Biology of Coral Reefs
Over 70% of this planet are lakes, rivers, seas, and oceans. Coral reefs actually only cover around 2% of this vast water expanse. Still, they are visible from space. For such a small footing they play a very important role in the fixation of carbon and carbon dioxide. Also, they produce oxygen as a byproduct. In fact, corals within the reef system produce more oxygen than the tropical rain forests.

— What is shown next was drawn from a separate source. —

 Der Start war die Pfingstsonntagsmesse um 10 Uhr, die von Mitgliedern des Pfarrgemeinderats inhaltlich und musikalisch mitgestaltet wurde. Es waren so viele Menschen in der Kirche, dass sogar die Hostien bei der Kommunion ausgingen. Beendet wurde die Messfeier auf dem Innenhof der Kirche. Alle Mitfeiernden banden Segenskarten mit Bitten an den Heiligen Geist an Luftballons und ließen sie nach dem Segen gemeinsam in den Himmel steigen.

Corals are ancient animals. Their fossil records date back as far as 520 million years. These Cambrian period fossils are rare records. Many of these are from the Ordovician period dating back some 100 million years. Corals are nothing more than colonies of genetically identical polyps. A polyp is a simple sac-like animal related to jellyfish and anemones. They are part of the Phylum Cnidaria. These polyps and corals come in two main categories – soft and hard corals. Each individual polyp is a few millimeters in diameter and a few centimeters in length. They have a simple stomach, mouth and have a set of tentacles that surround the mouth. These tentacles contain stinging cells called Nematocysts.
Soft and Hard Corals
Soft corals come in many forms, from sea fans, sea whips, and branching tree-like structures. They have no hard skeleton. Instead, they have tissues of tiny skeletal elements known as sclerites. This too comes from calcium carbonate. Most soft coral species connect with each other by a network of cells called Coenosarc. This is a thick network and allows the polyps to be deeply embedded for protection. For tree and whip-like soft corals, they have a central axial skeleton embedded in the tissue matrix. Their composition is of a fibrous protein called Gorgonian or of a calcified material.

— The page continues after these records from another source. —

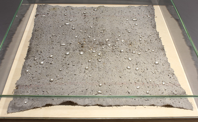 Gouttes d'argent sur serpillière, vitrine, socle en contreplaqué – 2013/2015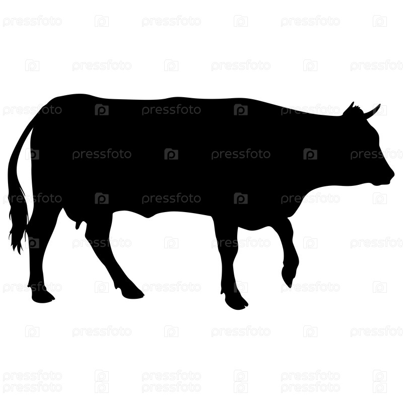 Черный силуэт дойной коровы на белом фоне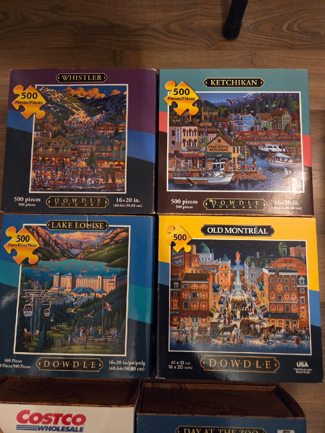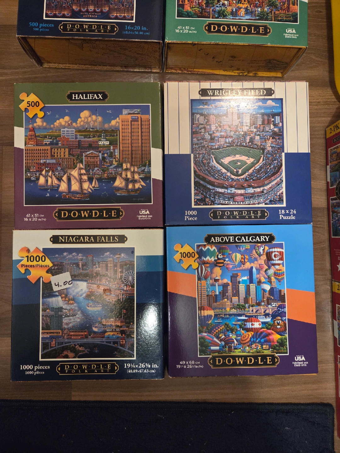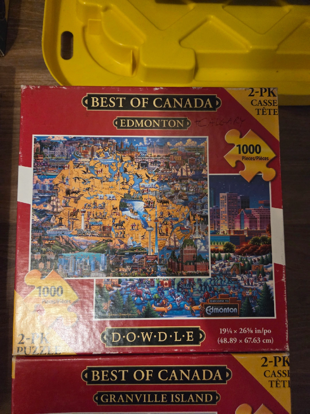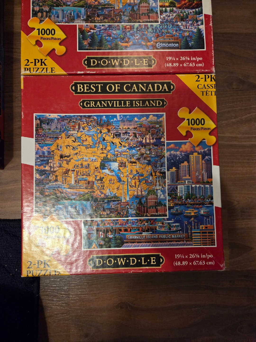 Selling a Dowdle puzzle set This set includes two 1000-piece puzzles: one of Edmonton/Calgary and one of Granville Island. Each puzzle measures 19 1/4 x 26 1/4 inches (48.89 x 67.63 cm). Enjoy piecing together these beautiful Canadian scenes!
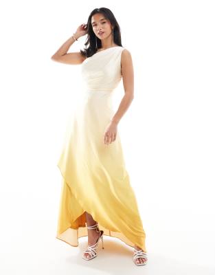 Bridesmaid One Shoulder Satin Maxi Dress With Wrap Skirt In Yellow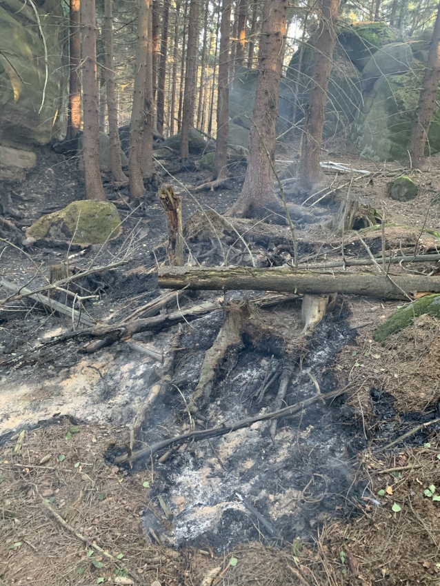 Šest hasičských jednotek bylo zalarmováno kvůli ohlášenému požáru v lesním porostu v katastru obce Božanov v lokalitě Broumovských stěn. Hořelo ve velmi těžko přístupném terénu. Hasiči se dostali se zásahovou technikou nedaleko rozcestí Machovský kříž a odtud museli táhnout vedení asi 300 metrů do ostrého stoupání skrze lesní porost, houštiny a kamení. Hořelo na ploše asi 25x30 m. Po téměř třech hodinách se podařilo jednotkám požár lokalizovat a po 20. hodině byl zásah přerušen. Na místo události vyjeli hasiči opět následující den ve čtvrtek po 6. hodině ráno, aby doutnající místa dohasili.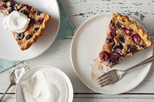 These days, truly delicious sweet cherries — firm, deep red, and unbelievably sweet — are pretty commonly available at certain times of the year. And when that time arrives, we suggest trying this pie, an almond-scented custard studded with cherries, nestled in a buttery crust, and crowned with chantilly cream.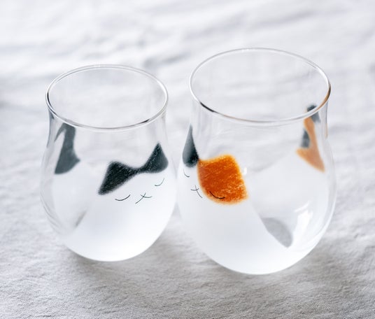 表は猫の顔、裏にはしっぽが!グラスが猫になったみたい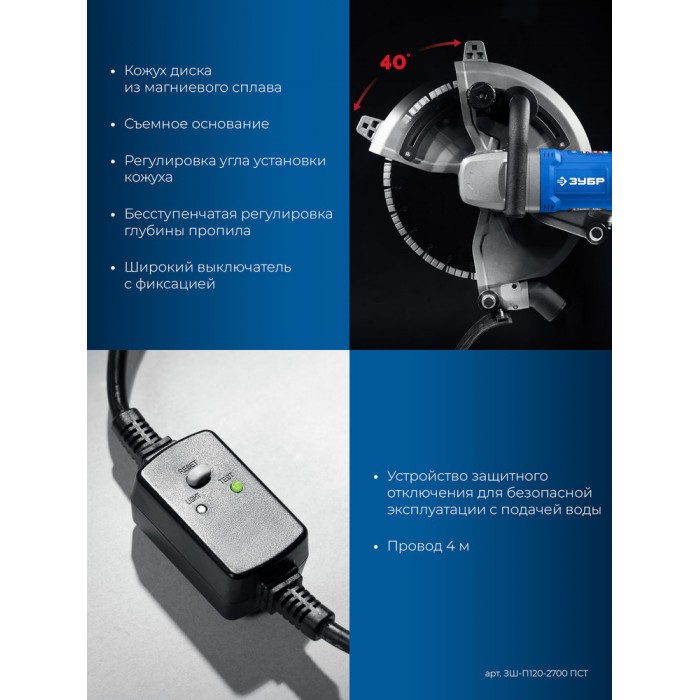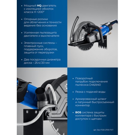 - Возможность работы с подачей воды к месту реза улучшает режим работы диска и уменьшает образование пыли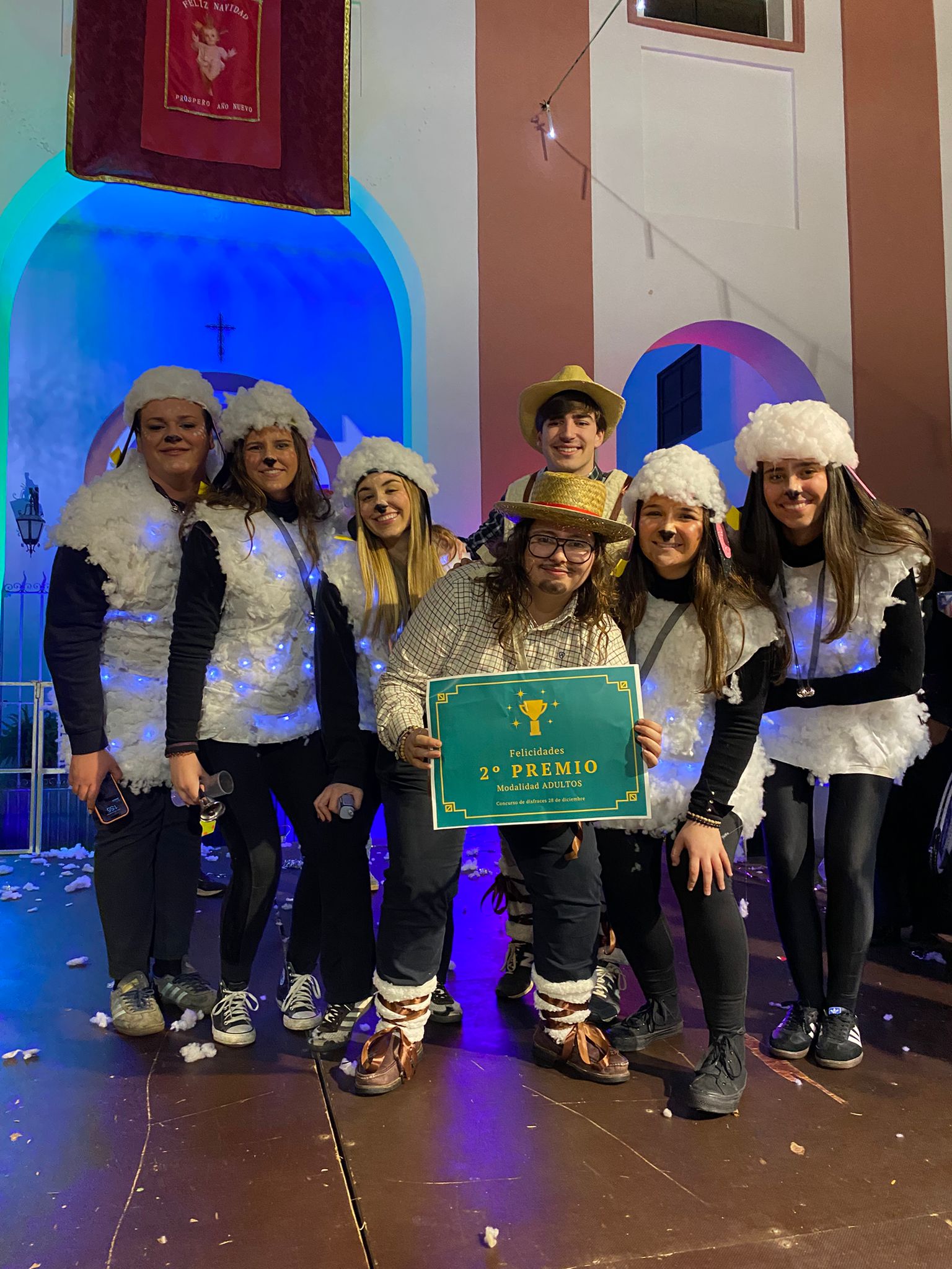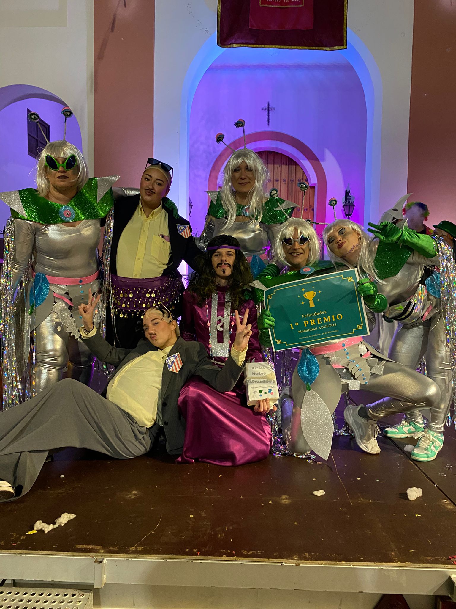 Por su parte en el concurso de adultos logró el primer puesto "Los alienígenas" consiguiendo los 150 euros designados para el ganador. Fueron segundos, consiguiendo 75 euros, "Las Maritrinis" y terceros (50 euros) "Las Mariposas".

Hard corals, also known as stony corals, produce a calcium carbonate skeleton which is deposited by the polyps to strengthen and protect the colony. All the polyps are connected by a network of living tissue called the Coenosarc. There are a wide variety of shapes and structures. Each of the various forms are on the reef system in various zones. This is because of the variation of light and water movement.

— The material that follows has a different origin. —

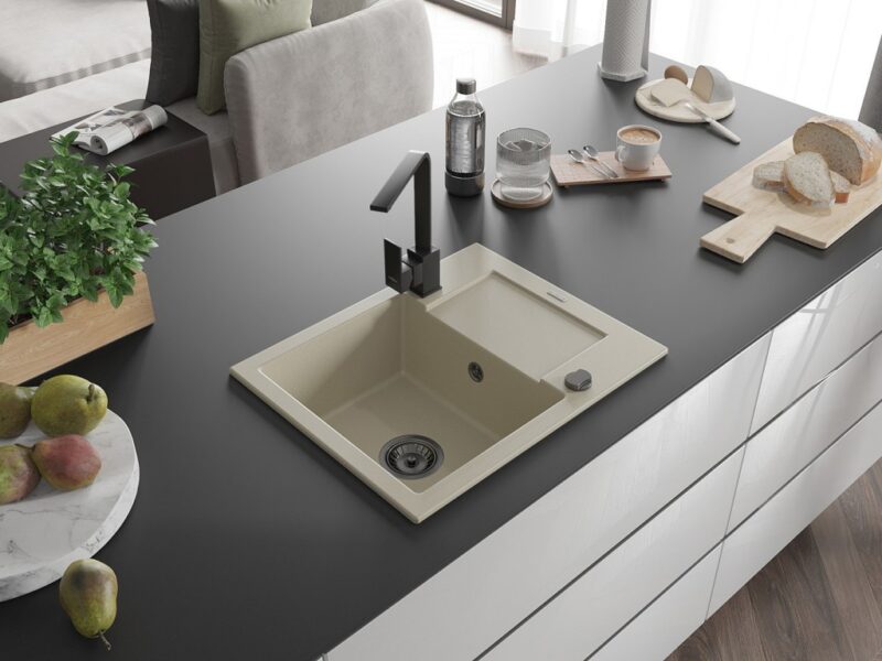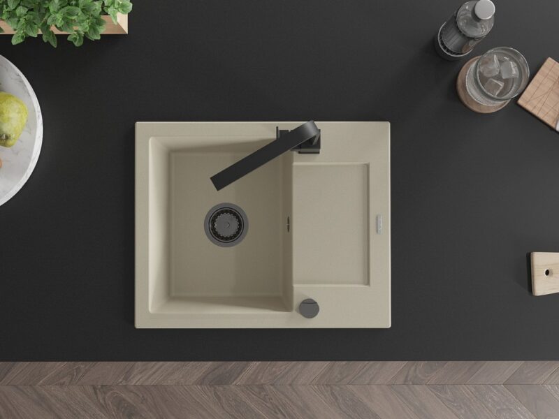 Technické dáta: drez: Rozmer: 576x465x174mm Hĺbka komory: 164 mm Rozmery komory: 395×320 mm Priemer odtoku: ø90 mm Typ: 1-miska s krátkym odkvapkávačom Typ: Zapustené do pracovnej dosky Farba béžová Povrchová úprava sifónu: čierna Materiál: žula (80% žulové kamenivo, 20% živice) Prepadový otvor: Áno Otvory: (batérie, automatické) 2 Inštalácia: Univerzálna, je možné inštalovať s odkvapkávačom na ľavú alebo pravú stranu Vysoká odolnosť proti poškriabaniu a zmene farby Odolnosť proti tepelným šokom Ľahko čistiteľný povrch Dva dodatočné vyfrézované otvory na samodierovanie ø35 kuchynská batéria: Materiál: mosadz Čierna farba Hlava: Keramická Prevzdušňovač: Áno Typ: Jedna páka Výška batérie: 290 mm Rozsah výtoku: 220 mm(GT) Ean: 5905315018564

Soft and hard corals connect with each other by a gastrovascular canal system. This allows sharing of nutrients and symbionts. Polyps feed on a variety of different small organisms. For example, small fish to microscopic zooplankton. Each polyp uses its stinging tentacles to capture prey. The tentacles release the nematocysts which carry venom. They release this venom in response to contact with another organism. The tentacles then move the prey to the mouth which contracts and pushes the prey into the stomach. There digestion occurs and what is not used as waste gets released later.
Ecology of Coral Reefs
A coral reef has many crevices and crannies. So, it is a home and feeding ground for a lot of fascinating marine life-forms. No ecosystem on earth plays host to the diversity of inhabitants as found in and around a coral reef. There is are almost every major group of animals excluding mammals and insects.
The extent of the damage done to the world’s coral reefs was first made clear by a report issued at the end of the year 2000. The Global Coral Reef Monitoring Network is an international environmental monitoring organization. It issued the report with data gathered from scientists around the globe. According to the report, the world has lost 27 percent of its coral reefs. Today it is a 35-loss percentage. Some of those reefs can never recover, while some could come back. The report pointed out that global warming was the biggest threat facing coral reefs. Further threats are water pollution, sediment from coastal development, and destructive fishing techniques. If nothing will change, 60 percent of the world’s coral reefs will disappear by 2030.
Coral reefs also protect shorelines from the full onslaught of storm-driven waves. Thus, they also benefit humans. Yet humans are responsible for causing severe damage to coral reefs. Reefs are often destroyed by collectors. They use coral to create jewelry. Also, some fishermen use poison or dynamite to catch fish. Furthermore, corals need sunlight and sediment-free water to survive. Because of that water pollution poses a grave danger. Oil spills, the dumping of sewage wastes, and the runoff of chemicals all threaten the balanced ecosystem of coral reefs.
The Importance of Coral Reefs
Coral reefs are beautiful undersea cities. They are full of colorful fish, intricate formations, and wondrous sea creatures. The importance of coral reefs extends far beyond the pleasure it brings to those who explore it. Coral reefs play an essential role in water filtration, fish reproduction, shoreline protection and erosion prevention.